Eternal Recurrence Quotes in Thus Spoke Zarathustra
'Spirit of Gravity!’ I said angrily, 'do not treat this too lightly! Or I shall leave you squatting where you are, Lamefoot—and I have carried you high!
‘Behold this moment!' I went on. 'From this gateway Moment a long, eternal lane runs back: an eternity lies behind us.
'Must not all things that can run have already run along this lane? Must not all things that can happen have already happened, been done, run past?’
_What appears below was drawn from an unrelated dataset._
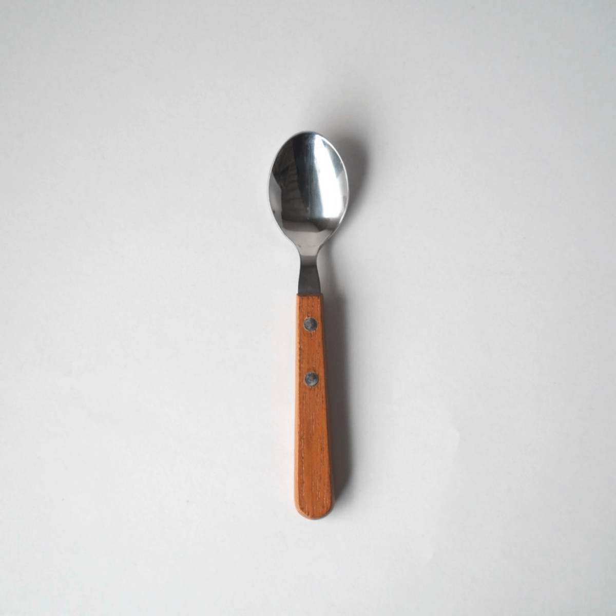 Dessert Spoon With Wooden Handle. Andes Teak wood, known for its blend of colours, adorns this cutlery. The beautiful grain of natural wood is highlighted, gaining familiarity and a unique texture with use. Secured with two screws, it's not suitable for dishwasher cleaning.
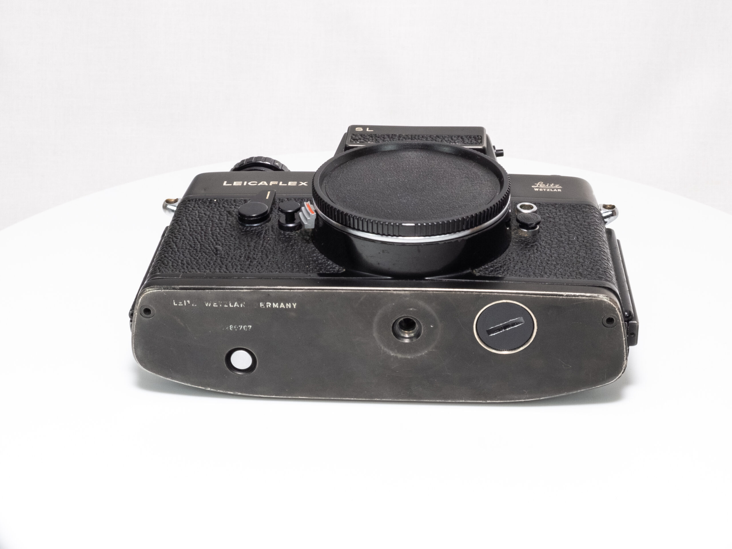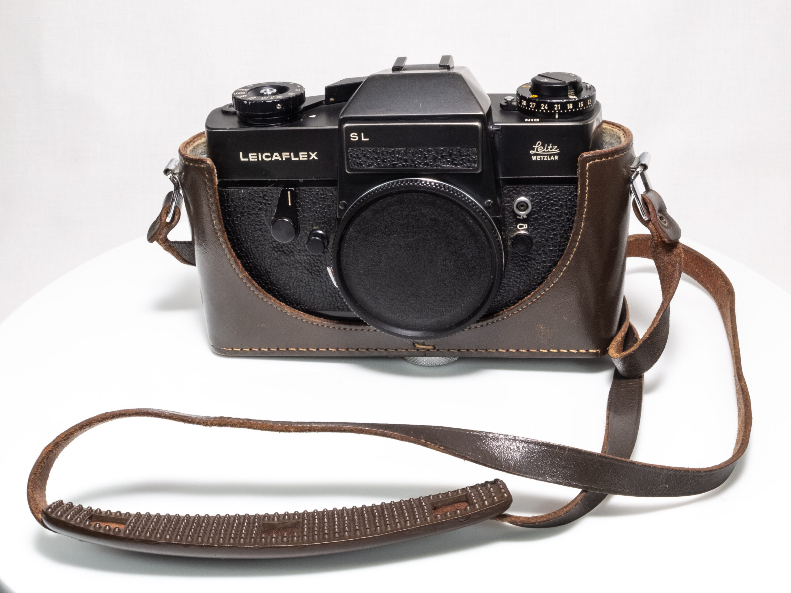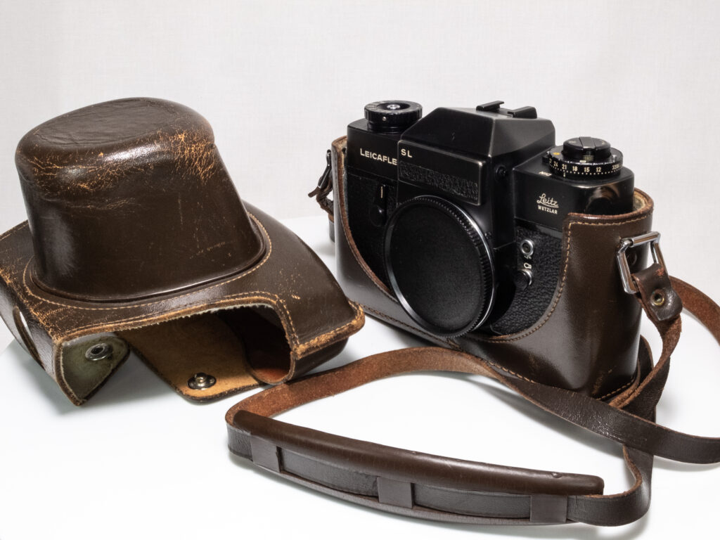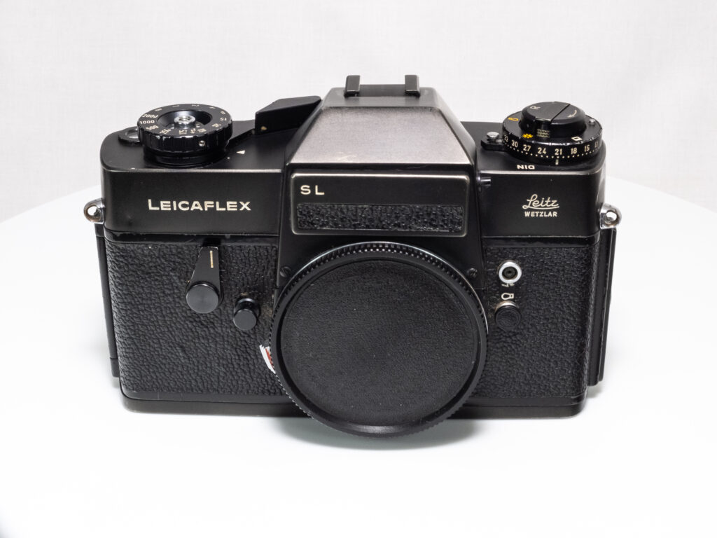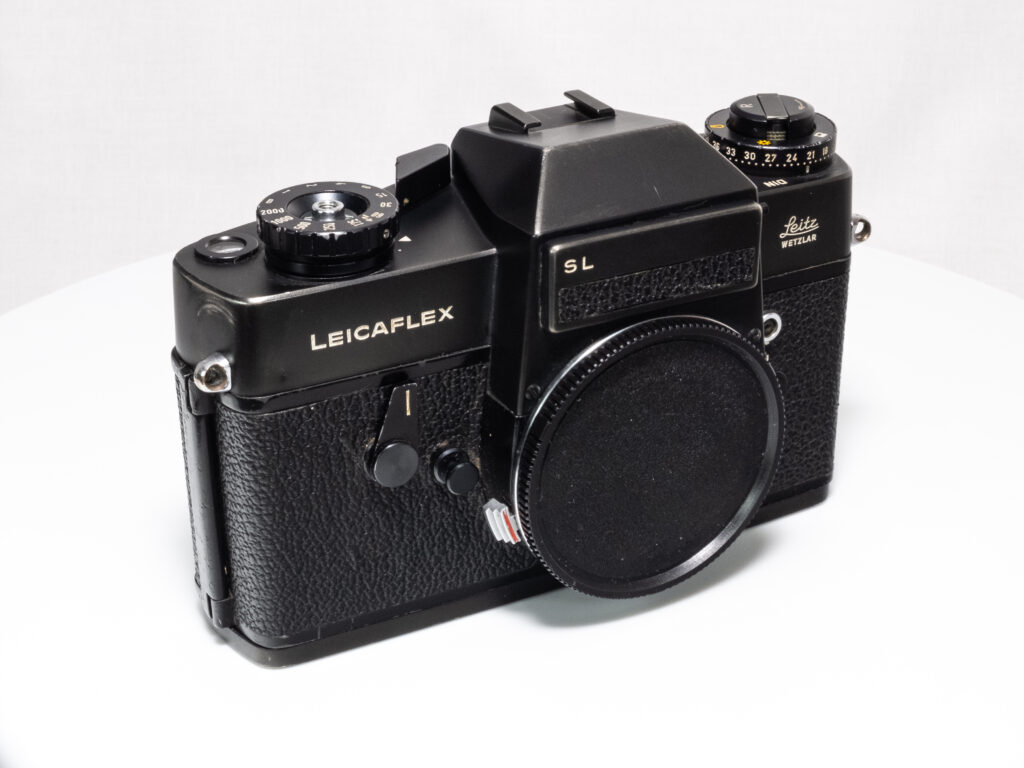 Die Leicaflex SL in schwarzem Chromfinish wurde 1971 von Leitz (Leica) produziert und ist eine robuste, vollständig mechanische Spiegelreflexkamera für 35-mm-Film. Die Kamera bietet eine selektiv messende TTL-Belichtungsmessung und ist für das Leica R-Bajonett ausgelegt. Das Gehäuse ist aus Metall gefertigt und zeichnet sich durch seine präzise Verarbeitung und hohe mechanische Zuverlässigkeit aus. Die schwarze Verchromung war seltener als das silberne Modell und ist heute insbesondere bei Sammlern von Interesse.

Man is the cruellest animal towards himself; and […] all who call themselves "sinners" and “bearers of the Cross" and "penitents" […]
Ah, my animals, this alone have I learned, that the wickedest in man is necessary for the best in him,
that all that is most wicked in him is his best strength and the hardest stone for the highest creator; and that man must grow better and wickeder: […]
[I cried] ‘Alas, that his wickedest is so very small! Alas, that his best is so very small!’
'For your animals well know, O Zarathustra, who you are and must become: behold, you are the teacher of the eternal recurrence, that is now your destiny!
That you have to be the first to teach this doctrine—how should this great destiny not also be your greatest danger and sickness!
Behold, we know what you teach: that all things recur eternally and we ourselves with them, and that we have already existed an infinite number of times before and all things with us.
If ever my anger broke graves open, moved boundary-stones, and rolled old shattered law-tables into deep chasms:
[…]
for I love even churches and the graves of gods, if only heaven is looking, pure-eyed, through their shattered roofs; I like to sit like grass and red poppies on shattered churches:
Oh how should I not lust for eternity and for the wedding ring of rings—the Ring of Recurrence!